Dizzy Spells and Getting Older
Dizzy Spells and Getting Older: There are many pitfalls to getting older…grey hair, loss of strength or flexibility, perhaps you tire more easily or don’t sleep as much as you age. Some things are more annoying than dangerous, like having less energy. Going bald may be an irritating side effect of getting older, but at least it can’t kill you. Other things, such as falling or losing your balance, can increase your risk of serious injury or even death as you get older. One of the more dangerous concerns of aging involves the increasing chance of “dizzy spells” or vertigo.
Vertigo, more commonly known as “a dizzy spell,” is a common occurrence in people of all ages for a variety of reasons. It can happen to anyone but we now know that it occurs in the elderly more often. It is a sensation of spinning dizziness as if the room is spinning around the person experiencing it. Dizziness or vertigo can be caused by something as minor as an ear infection or as serious as an impending stroke.
Dizziness is a symptom, not a diagnosis, and it often includes the following characteristics:
- Balance issues
- Nausea and vomiting
- Motion sickness
- Ringing in the ear
- A feeling of fullness in the ear
- Nystagmus (when the eyes move uncontrollably)

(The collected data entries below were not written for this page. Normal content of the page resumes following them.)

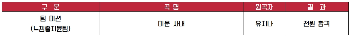 세미트로트를 할 것이라는 예상을 깨고 정통트로트 장르를 선택하였으며 유지나의 ‘미운 사내’를 선곡하였습니다. 팀에 소속된 홍지윤, 허찬미, 황우림, 김사은은 안정된 가창력을 바탕으로 유쾌한 무대를 꾸몄습니다. 장윤정은 아름다웠으며 과하지 않고 못하는 사람 없이 모두가 잘했다고 평가했습니다. 또한, 홍지윤 가수는 예선전 선이라는 것을 증명하듯 자기 소리를 내주어서 올 하트를 받을 자격이 충분했다고 평가했습니다. 박선주는 많은 오디션 프로그램이 있으나 본인이 꿈꾸고 보고 싶었던 멋진 그림의 팀이었다고 평가했습니다. 결과적으로 정통트로트 장르를 선택한 것은 좋은 선택이었으며 호평과 함께 심사위원 모두의 선택을 받으며 전원 합격으로 본선 1차를 마무리하였습니다..
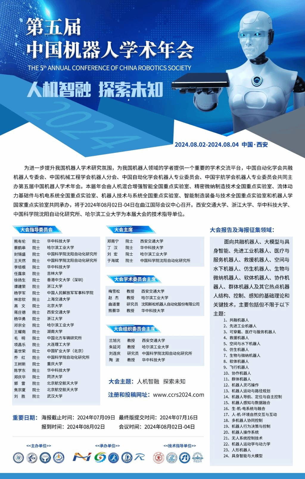 第五届中国机器人学术年会,将于2024年8月2日-4日在西安曲江国际会议中心举办。西安交通大学作为本届盛会承办方,诚挚邀请全国人工智能与机器人领域相关科技工作者相聚古都,共襄盛会。
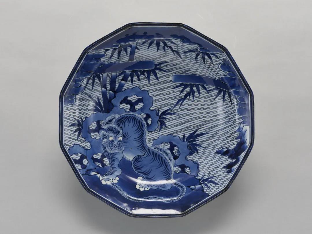 青花虎竹图十二角形盘烧制于日本有田窑(今佐贺县有田町),内壁绘有虎、竹、太湖石、祥云等纹样,外壁画牡丹和山茶花纹样,圈足内外各绘弦纹一道。16世纪末,武士家族在宴会时盛行使用大盘摆放菜肴,起初他们用景德镇等地生产的中国瓷盘。直到17世纪初,有田窑兴起后,本土制作生产的大盘渐渐成为日本上流社会餐桌上的奢侈品,此类虎竹图大盘受到了广泛青睐而传世最多。
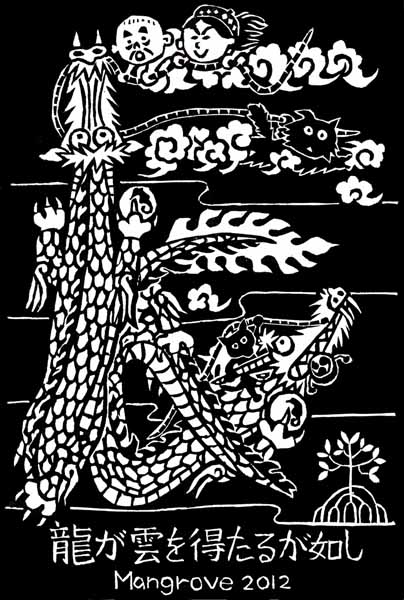 今年の干支手拭 (下絵の版画)

Some causes of dizziness can be attributed to serious conditions such as dementia, anemia, vascular problems, vision loss, or even medications that interact negatively with each other. Sometimes dizziness is caused by a viral infection or simply dislodged crystals in the inner ear. Whatever the cause, it is important to have your loved one checked out by a doctor to find the source of the dizziness before a serious fall or accident happens. Prevention truly is the best measure as your loved ones get older.
Medical research has confirmed that the prevalence of vertigo and dizziness reaches as high as 30% in those aged 60 and over, which means that the number of patients is rapidly increasing due to the aging of the world’s population. Because so many of the elderly experience vertigo, this means that falling and sustaining serious injuries are real concerns. Falls are the leading cause of accidental death in those over 65 years old, so we all need to be aware of the risks as our loved ones get older.
Here are a few things you can do to help your loved one who has vertigo and thus prevent more serious injuries:
- Always consult a doctor for any ongoing issues with dizziness or blurry vision: If your loved one has regular episodes of vertigo or problems with their vision, your first stop should be with an ear-nose-throat specialist (ENT) or an ophthalmologist to check out the ears, nose, throat, and eyes for any systemic problems. The ENT or ophthalmologist can also steer you in the right direction if everything checks out okay on their end and further testing is needed. Those over 65 commonly have issues with their eyesight beginning to fail, and sometimes this may be the cause of the dizziness or falling.
- Regular exercise is needed for ALL ages: Not only does it keep a body healthy, but it also helps strengthen your bones and muscles, which is critical for those who are aging. The injuries may be more serious if you have brittle bones or are more prone to fractures or breaks. In case a fall does occur, having strong bones can prevent them from more serious injuries.
- Invest in a reliable life alert system: These are wearable devices such as a bracelet or necklace that makes contacting a family member or emergency services as simple as pressing a button. They are extremely valuable in case of a fall, stroke, or other medical emergency and you can find the best one by reading the medical alert system reviews of the systems available on the market today. Some of these systems even contain a fall detection feature, which automatically contacts the programmed support network when a fall in the home is detected.
- If your loved one has dizziness AND any of the following symptoms, get immediate medical attention: Sudden severe headache, chest pain, difficulty breathing, numbness or paralysis of limbs, fainting, double vision, rapid or irregular heartbeat, slurred speech, continuous vomiting, seizures, sudden change in hearing, or facial numbness or weakness: any of these symptoms combined with dizziness could mean an imminent stroke or other catastrophic medical event is possible.
Hopefully, these tips will help you navigate your aging loved one’s experiences with vertigo or dizzy spells and make them more aware of the risks involved. As their caregiver, pay attention to any symptoms and strive to keep your loved ones safe in their home, and hopefully, any serious falls or injuries can be avoided.